*** Opening MATERIAL PROVIDED ***

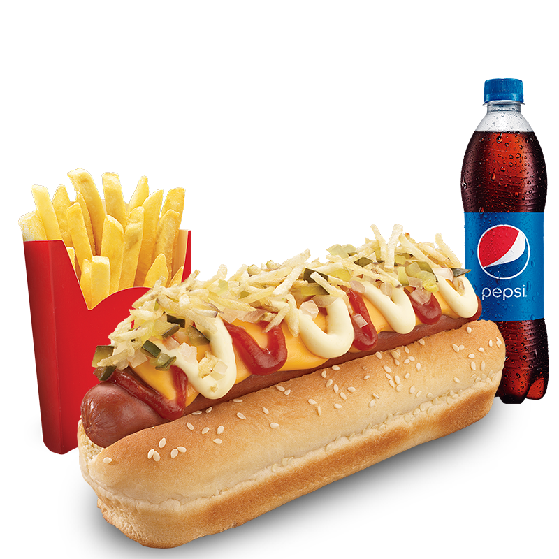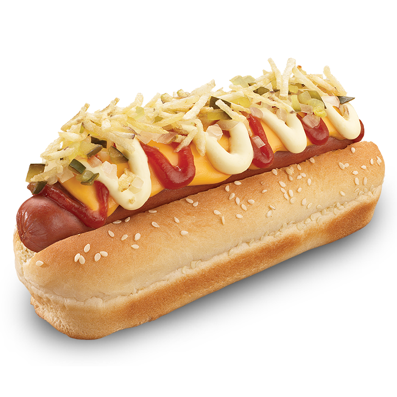 Pan con ajonjolí, salchicha, tajada cheddar, papa perro, pepinillo y cebolla finamente picados, salsa Presto y salsa de tomate.
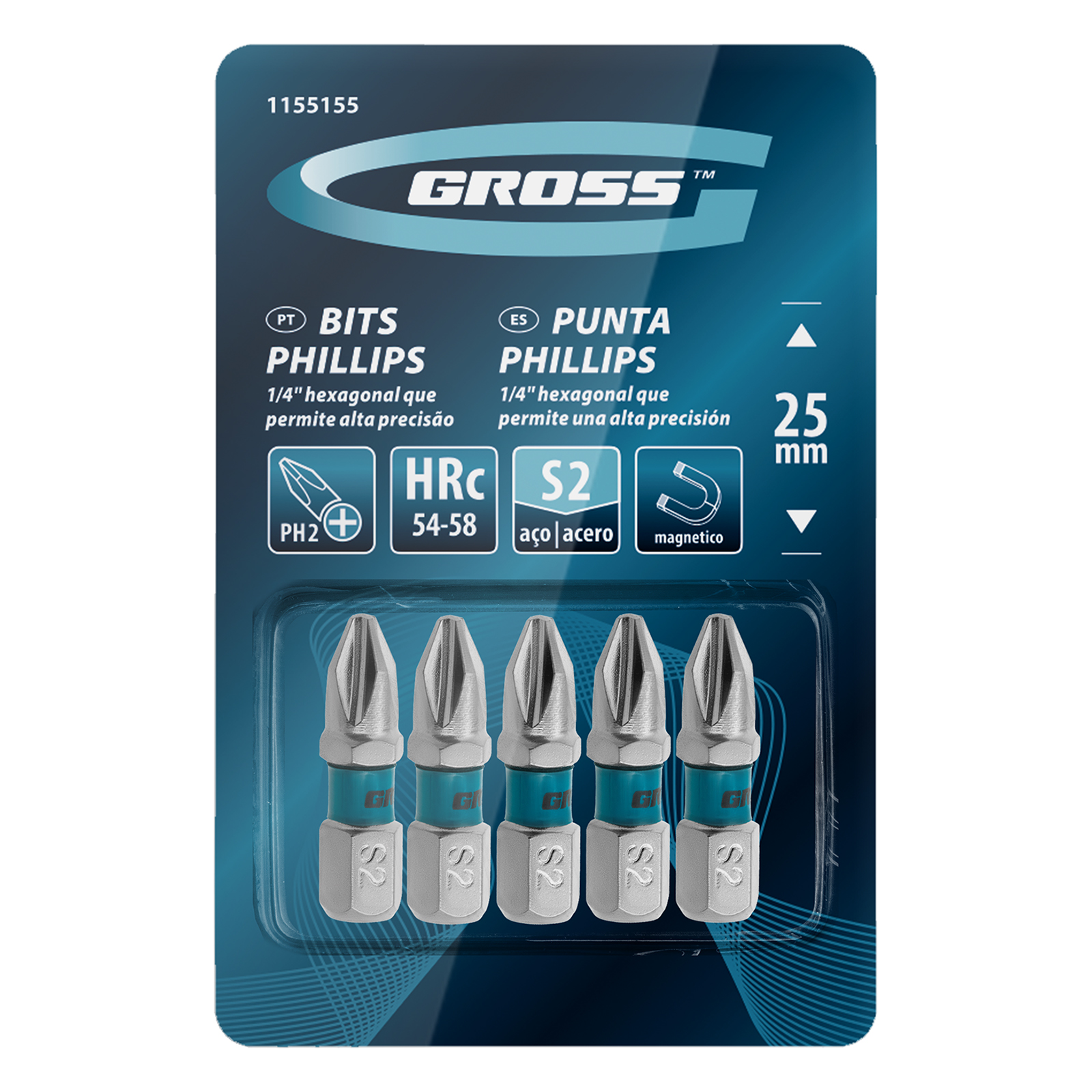 BITS PHILLIPS 1/4 POL, COMPRIMENTO 25 MM, PONTA 1/4 POL. PH2, ACO S2, 5 PCS GROSS
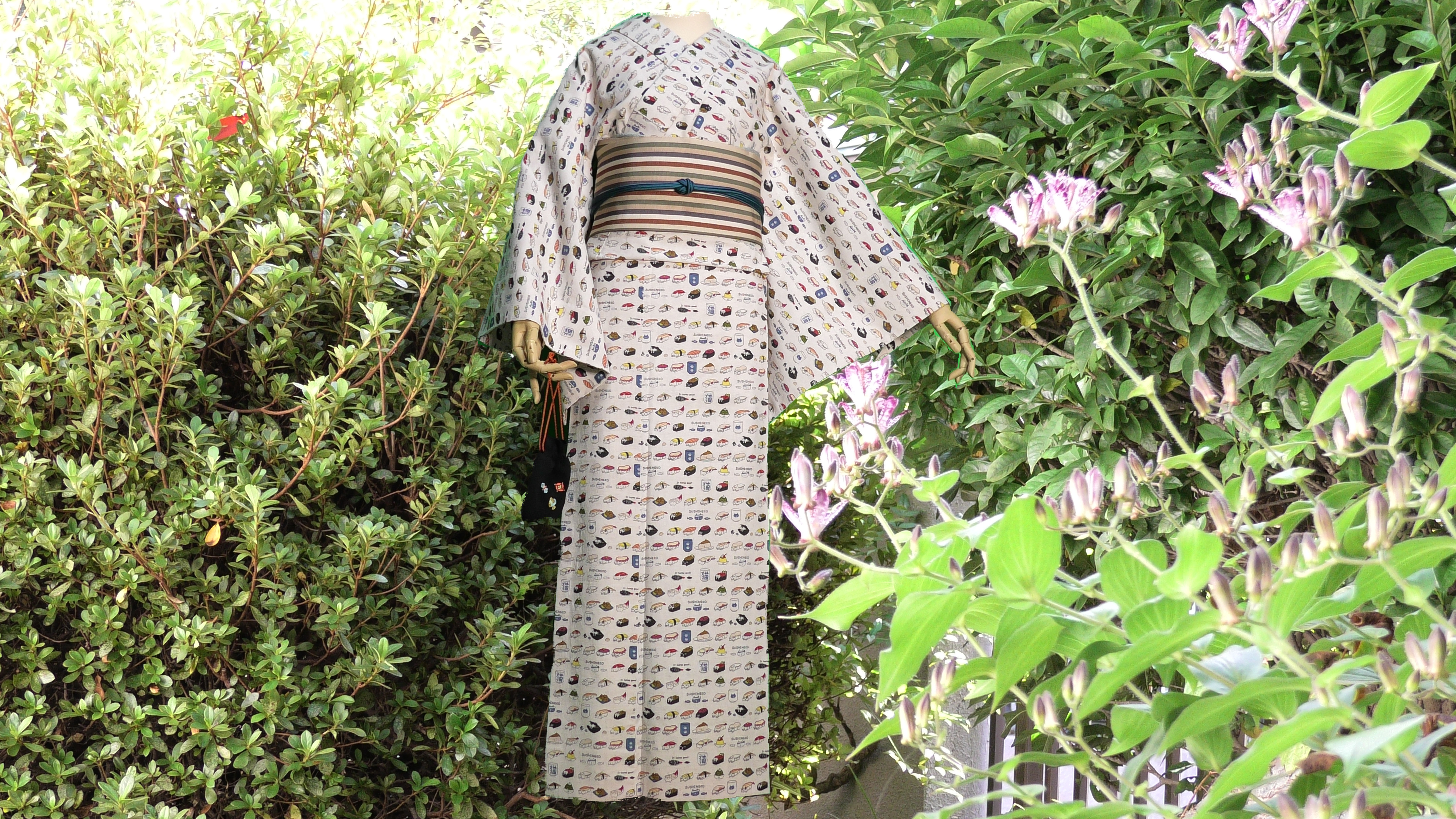 すしねこ柄の綿麻キャンバス地の単衣の着物
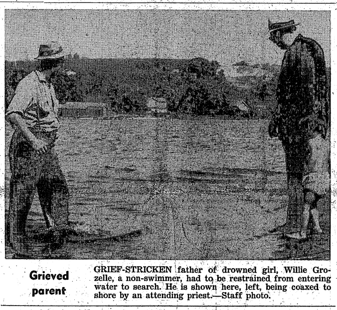 - County Herald headline of July 10, 1959; Nine-Year-Old Girl Drowns, Sister and Pal See Tragedy. Penetang Bay claimed its first drowning victim of the year Wednesday afternoon when 9-year-old Evelyn Grozelle drowned. Currents are believed to have swept her into deep water while she was swimming. The same current came close to claiming the lives of her two companions, her sister Lucille, 14, and Jeannette Boucher, 15. The dead girl is the daughter of Mr. and Mrs. Willie Grozelle of Highland Point on the west shore of Penetang Bay. The three girls apparently went swimming at a beautiful little sand spit known locally as Piitz Point. The sandy bottom at this point drops off sharply about 75 feet from shore.
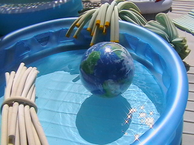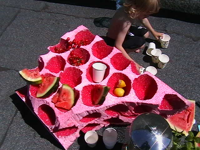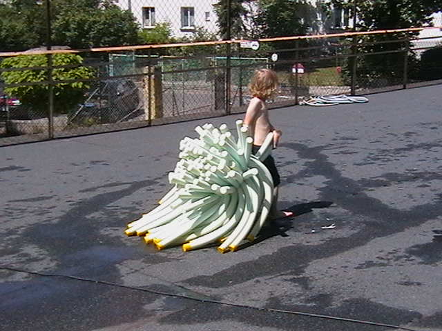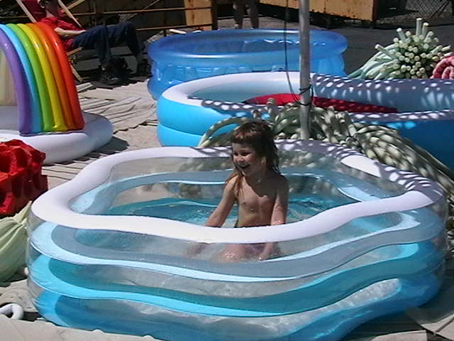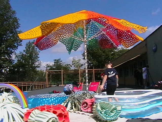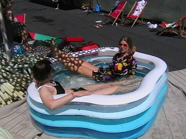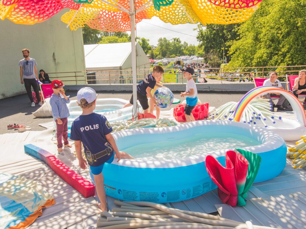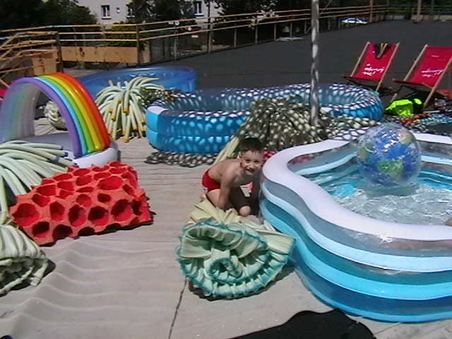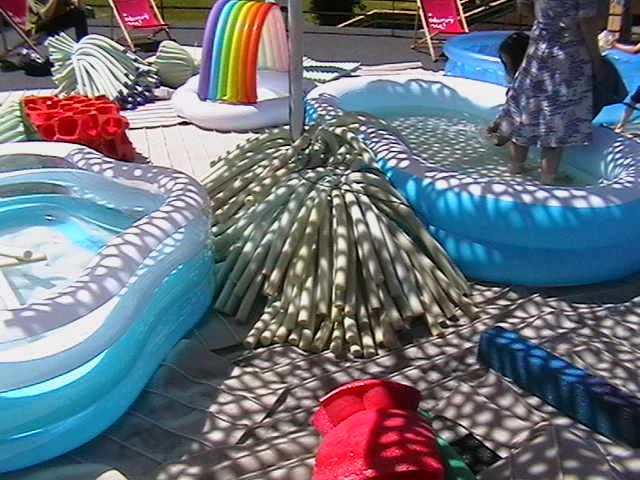 Scenographies from previous exhibitions, inflatable pools, food
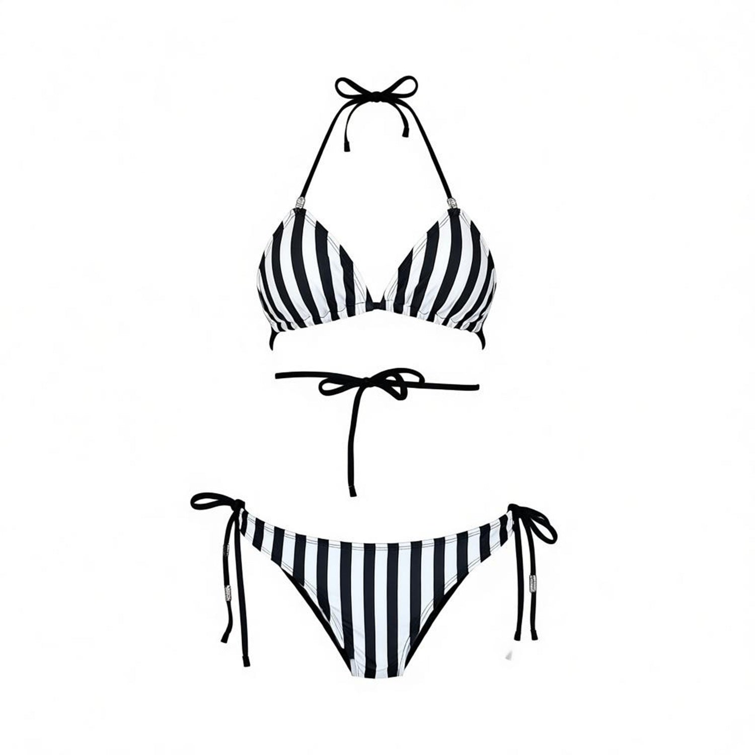 Natalie Tie Side Bikini BOTTOM - Black White Stripes
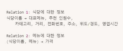 왼쪽이 Primary key이고, 오른쪽은 Relation입니다. 어차피 A -> A를 만족하니까 그냥 최소한의 칼럼명만 썼습니다. 대강 어떻게 테이블이 구성되어 있는지 이해가 되시죠? 하나는 식당 정보만, 하나는 메뉴 정보만 담고 있는 겁니다. 두 테이블에서 공통으로 식당이름을 저장하고 있으니, 나중에 이 점을 이용하여 자료를 조회하면 되겠죠. Relation 2의 PK는 (식당이름, 메뉴)지만 FK는 식당이름이 되겠군요.
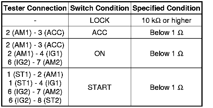 2AR-FE STARTING: IGNITION SWITCH: INSPECTION
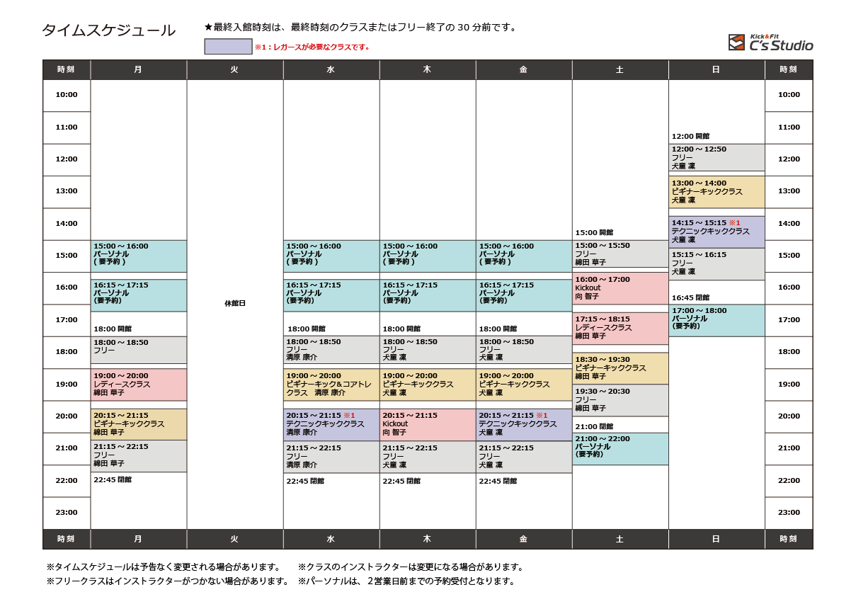タイムスケジュールに記載されているクラス内容、料金・利用回数、スタッフについては下記リンクからご確認いただけます。
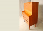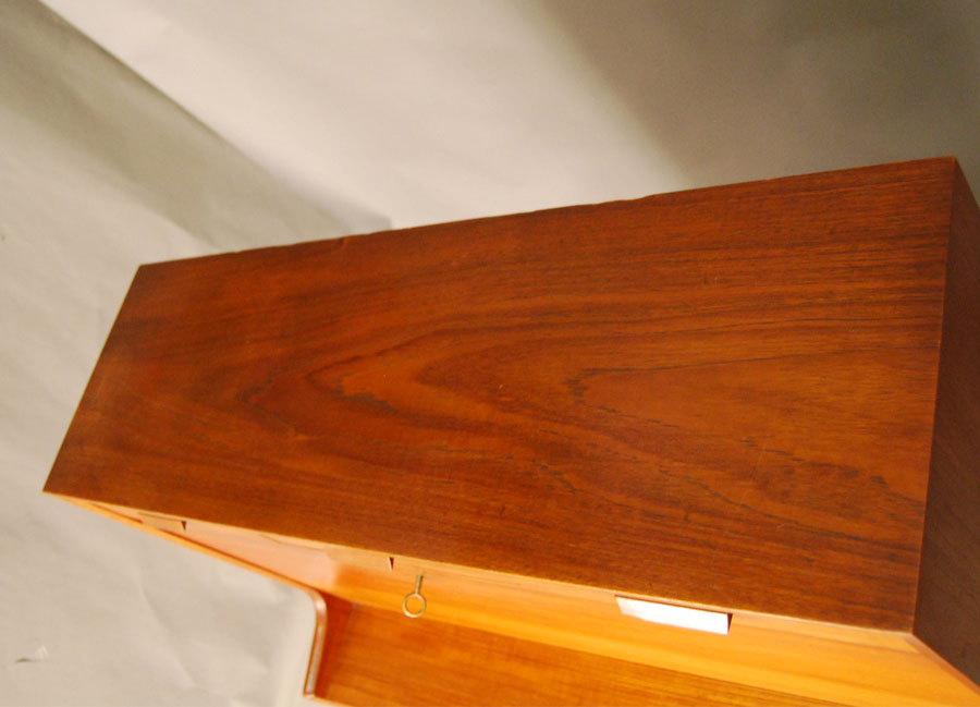 Danish teak bureau with chest below. Small drawers at top and drop down door. Includes original brass light fitting, which requires Australian plug. Very good condition.

*** Closing MATERIAL PROVIDED ***

WHAT YOU ARE ASKED TO DO => Give the records above again verbatim, pictures omitted.

ANSWER SPACE =>
 Pan con ajonjolí, salchicha, tajada cheddar, papa perro, pepinillo y cebolla finamente picados, salsa Presto y salsa de tomate.
 BITS PHILLIPS 1/4 POL, COMPRIMENTO 25 MM, PONTA 1/4 POL. PH2, ACO S2, 5 PCS GROSS
 すしねこ柄の綿麻キャンバス地の単衣の着物
 - County Herald headline of July 10, 1959; Nine-Year-Old Girl Drowns, Sister and Pal See Tragedy. Penetang Bay claimed its first drowning victim of the year Wednesday afternoon when 9-year-old Evelyn Grozelle drowned. Currents are believed to have swept her into deep water while she was swimming. The same current came close to claiming the lives of her two companions, her sister Lucille, 14, and Jeannette Boucher, 15. The dead girl is the daughter of Mr. and Mrs. Willie Grozelle of Highland Point on the west shore of Penetang Bay. The three girls apparently went swimming at a beautiful little sand spit known locally as Piitz Point. The sandy bottom at this point drops off sharply about 75 feet from shore.
 Scenographies from previous exhibitions, inflatable pools, food
 Natalie Tie Side Bikini BOTTOM - Black White Stripes
 왼쪽이 Primary key이고, 오른쪽은 Relation입니다. 어차피 A -> A를 만족하니까 그냥 최소한의 칼럼명만 썼습니다. 대강 어떻게 테이블이 구성되어 있는지 이해가 되시죠? 하나는 식당 정보만, 하나는 메뉴 정보만 담고 있는 겁니다. 두 테이블에서 공통으로 식당이름을 저장하고 있으니, 나중에 이 점을 이용하여 자료를 조회하면 되겠죠. Relation 2의 PK는 (식당이름, 메뉴)지만 FK는 식당이름이 되겠군요.
 2AR-FE STARTING: IGNITION SWITCH: INSPECTION
タイムスケジュールに記載されているクラス内容、料金・利用回数、スタッフについては下記リンクからご確認いただけます。
 Danish teak bureau with chest below. Small drawers at top and drop down door. Includes original brass light fitting, which requires Australian plug. Very good condition.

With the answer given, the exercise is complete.